I am the target audience for these comic book superhero movies. I’m a 24-year-old male willing to spend $10+ on a movie featuring characters from comic books originally made with teenagers in mind. I took the bait after The Avengers and started delving into the world of comics: the panels, the trade paperbacks, the graphic novels, the convoluted continuities, the oh-so-temporary terminations of main characters. And I’ve been hooked ever since.
But I loved movies first, so when I go to a superhero movie, I’m watching it as a film first and a comic book adaptation second. Sometimes my affection for the source material colors my feelings about the movie. Take, for example, The Amazing Spider-Man 2, which is based on one of my favorite Spider-Man stories. Funnily enough, I can’t say which story it is, because that’s a spoiler all its own. That sentence is probably a spoiler itself for those well-versed in Peter Parker’s history. Whoops.
Peter Parker, played again by Andrew Garfield, is Spider-Man, of course (Crap, is that a spoiler? WHAT ISN’T A SPOILER???), and his girlfriend is Gwen Stacy, played again by Emma Stone. The chemistry between the two stars is again the best part of the movie. There’s some good action involving an underused Jamie Foxx as the villain Electro and the terrific Dane DeHaan as Peter’s old friend Harry Osborne. Also, the scenes of Spidey swinging through the city have never been so exhilarating. But the movie rests on the relationship between the stars, which makes for underserved secondary characters and rushed plot points. However, seeing as the original Amazing Spider-Man comics depended a lot on the soap opera-ish relationship between Peter and Gwen, I was satisfied.
Chemistry of a different kind is at the heart of Captain America: The Winter Soldier. This time the formula is the combination of precise action and political intrigue to form one explosive Marvel movie, the best one without the word “Avengers” in its title since Iron Man. Chris Evans returns as the titular Cap, still adjusting to civilian life in the 2010s when the also titular Winter Soldier appears and starts causing havoc. (SPOILER ALERT: Captain American is not the Winter Soldier. I know, it’s confusing.) Cap teams up with the Black Widow (Scarlett Johansson) to find the Winter Soldier and to figure out how to fix the chaos that his appearance sets in motion. This gives Marvel their best chance yet to showcase Evans’ relatable soulfulness and Johansson’s sassy pluck.
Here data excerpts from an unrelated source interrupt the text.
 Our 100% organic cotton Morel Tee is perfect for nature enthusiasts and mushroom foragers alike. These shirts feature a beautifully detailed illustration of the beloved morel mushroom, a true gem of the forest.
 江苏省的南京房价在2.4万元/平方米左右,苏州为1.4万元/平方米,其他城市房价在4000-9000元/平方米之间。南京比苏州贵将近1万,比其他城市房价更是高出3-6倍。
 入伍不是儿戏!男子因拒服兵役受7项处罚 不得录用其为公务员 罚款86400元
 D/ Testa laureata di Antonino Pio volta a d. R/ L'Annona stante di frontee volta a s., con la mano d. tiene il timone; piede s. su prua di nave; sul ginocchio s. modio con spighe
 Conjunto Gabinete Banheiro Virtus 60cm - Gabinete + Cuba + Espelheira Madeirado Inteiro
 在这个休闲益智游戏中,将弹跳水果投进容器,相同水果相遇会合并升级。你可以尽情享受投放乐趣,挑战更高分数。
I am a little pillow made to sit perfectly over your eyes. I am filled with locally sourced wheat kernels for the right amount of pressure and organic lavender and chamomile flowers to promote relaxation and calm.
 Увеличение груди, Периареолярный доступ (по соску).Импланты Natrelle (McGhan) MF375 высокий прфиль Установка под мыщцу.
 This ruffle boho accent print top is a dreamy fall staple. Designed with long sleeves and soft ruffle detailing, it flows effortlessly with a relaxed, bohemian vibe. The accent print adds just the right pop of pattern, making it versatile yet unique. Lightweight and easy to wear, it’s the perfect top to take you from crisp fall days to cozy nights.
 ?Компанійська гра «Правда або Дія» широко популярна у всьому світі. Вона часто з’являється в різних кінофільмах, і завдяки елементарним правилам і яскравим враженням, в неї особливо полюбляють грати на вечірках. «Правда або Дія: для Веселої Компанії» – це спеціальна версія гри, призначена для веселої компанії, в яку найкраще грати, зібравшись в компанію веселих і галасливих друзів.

Winter Soldier is also the first Marvel movie since Iron Man to actually be about something, or at least something more than simply the battle between good and bad/evil/corrupt. I don’t mean to say that battle is insignificant, but superhero stories have potential to be so much more. Marvel takes the Winter Soldier story and provides an uncanny analog for the complications of drone warfare and unrestricted surveillance à la the NSA, demonstrating some of the boldness The Dark Knight Rises exhibited targeting the Occupy movement in 2012. I like my comic book movies to have good action and strong characters, and I like my comic book movies to have deeper significance. Give me a movie with all three, and I’ll love it.
Two out of three ain’t bad though, and X-Men: Days of Future Past manages to be great. Where Winter Soldier finds significance in its subject matter, Days of Future Past gets by on some of the best character development in a superhero movie ever. Winter Soldier has character development, but it’s mostly at the service of the plot. Spider-Man is all character development and no plot. Days of Future Past’s plot is the character development, with a climax that hinges on a character’s choice rather than a big battle that’s barely more than a trope.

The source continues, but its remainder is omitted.